Sometimes, I wish I could be that carefree.

Saying I’ve been stressed this week would an understatement. I have a headache that is screaming, “STRESS! STRESS! STRESS!” with every throb. I don’t handle stress well. A main reason for this is because I don’t just feel things… I FEEL THINGS. The stress of this week has almost been too much.

All week, I’ve told myself that I was going to work out. Working out is an excellent stress relief, right? Every morning, I got up wanting to face the day and get a work out in. Every day, I get home in the evening and collapse on the couch. My body has just been to drained.

I’m not going to beat myself up about this week. It happened, it is almost over, and I survived. I may not have handled my stress in the best of ways. I held on to stress when I probably didn’t need to. I’ve cried so much that my head now hurts.

Beating myself up would only cause more stress, right? I’m not going to do that. Instead, I’m going to plan to spend the weekend not stressing. I’m going to surround myself with things that make me happy, things that make me laugh, and things that make me smile. I’m going to take my dogs on walks, and play with my nephew, and take my bike for a ride.
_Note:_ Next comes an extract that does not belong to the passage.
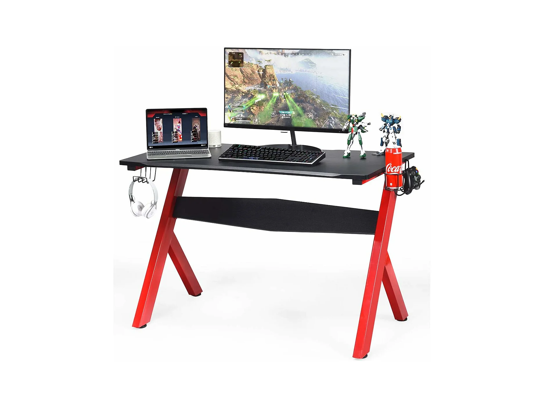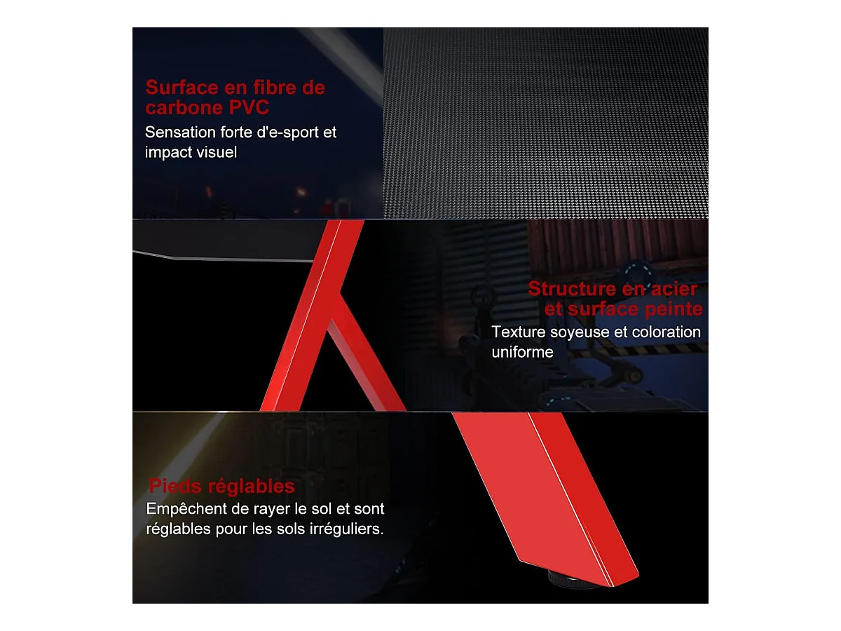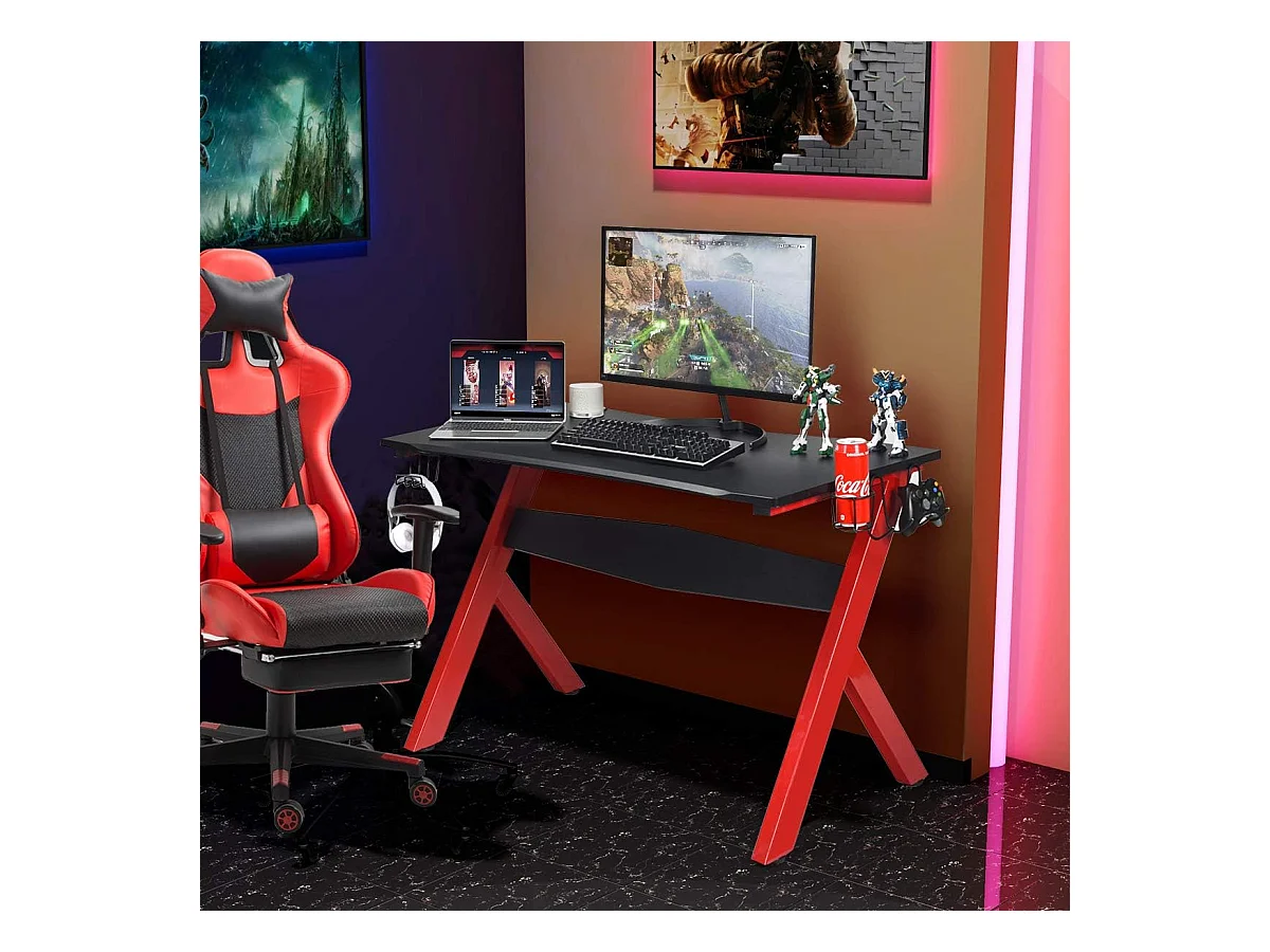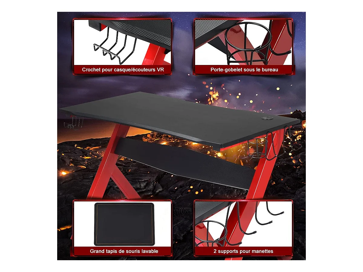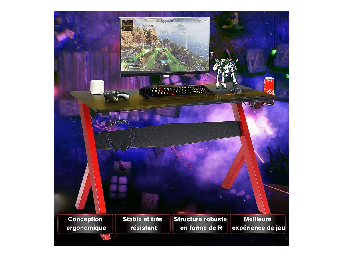 Bureau gamer pour e-sport avec porte-gobelet,tapis de souris,support pour ecouteurs en fibre

I know that I will never be able to be totally carefree. I know I will always worry and FEEL STRESS, but I am going to work on learning to take my dogs’ approach to life. I’m going to stretch and wiggle back and forth on my back and sigh with happiness because I know that when I look at the bigger picture I have a lot to be thankful for, many people who love me, and loads of things to look forward to.

When I look at the bigger picture, I know that life is good.

How do you deal with stress? If you’re like me, what is one way that you could deal with it better?